Шамес снова посмотрел на футбольное поле поверх наших голов. Сильнейшее напряжение мысли читалось на его лице.

— Женщина, у вас доброе лицо и доброе сердце, — сказал он. — Доброе сердце, которое вы держите в доме скорби и плача. Я — шамес, я тоже держу свое сердце в таком доме. В каком-то смысле мы с вами коллеги.

— Интересно! — ответила врач, пытаясь постичь нашего шамеса.

— Послушайте старого человека, который наставлял многих, который поднимал падающих. Сегодня дошло до меня, и я изнемог. Но вспомнил я, как сказал Давид Гаду: к руке Господа припаду, ибо велика милость Его. Но к руке человека не припаду. Бог нас наказывает, Бог излечит. И пошлет исцеление надеющимся на милость Его. .

— У меня подряд три срочных вызова, — перебила врач. — Если вы взялись морочить мне голову, я поворачиваюсь и ухожу.

— Да, добрая женщина, уходите. Вас ждут люди. Не осуждайте меня.

И шамес вышел из-за стола, взял сундучек у Берла и пошел проводить ее до ворот.

— Вы артист, ребе, — драчливо заявил Берл, когда тот вернулся. — Мы наживем себе крупные неприятности.

— Ой, Берл, — вздохнул шамес. — Почему вы такой темный? Такие, как вы, приходят из тьми и уходят во тьму. Есть и другая радость, не только сидеть вместе и пить вино.

— Берл! — разбойничьим басом крикнул дядя Шломо, — вы взялись омрачить нам субботу ?

Шамес снова подошел к столу.

— Евреи, — сказал он, обойдя нас взглядом, — в эти дни Бог разрушил наш временный дом — Кажгарку. Да, но Он не оставит нас, ибо на все есть время, на все есть расчет.
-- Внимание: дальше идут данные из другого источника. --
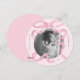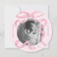 Tarjeta de Navidad redonda única. Tarjeta de Navidad con foto de arco de bebé rosa perfecta para la primera Navidad de los bebés. El diseño presenta un arco rosa coquette de moda enmarcando tu foto personalizada. Personaliza todo el texto con tu saludo de Navidad. Espacio en la parte posterior para un mensaje más largo también.

Он разрушил Кажгарку, чтоб нам не было за что цепляться, чтоб взоры свои обратили мы на Иерусалим. Там сокровище нашей души, туда нас ведет дорога. В содомский этот час давайте увидим свое предназначение. Нет, не за грехи нас постигло наказание, а в награду. Ведь только в несчастье открываются людям глаза. Пусть же силы не покидают нас, пусть бодрой остается душа наша, и будем прощать друг другу обиды свои.

И мы ударили своими стаканами и дружно выпили.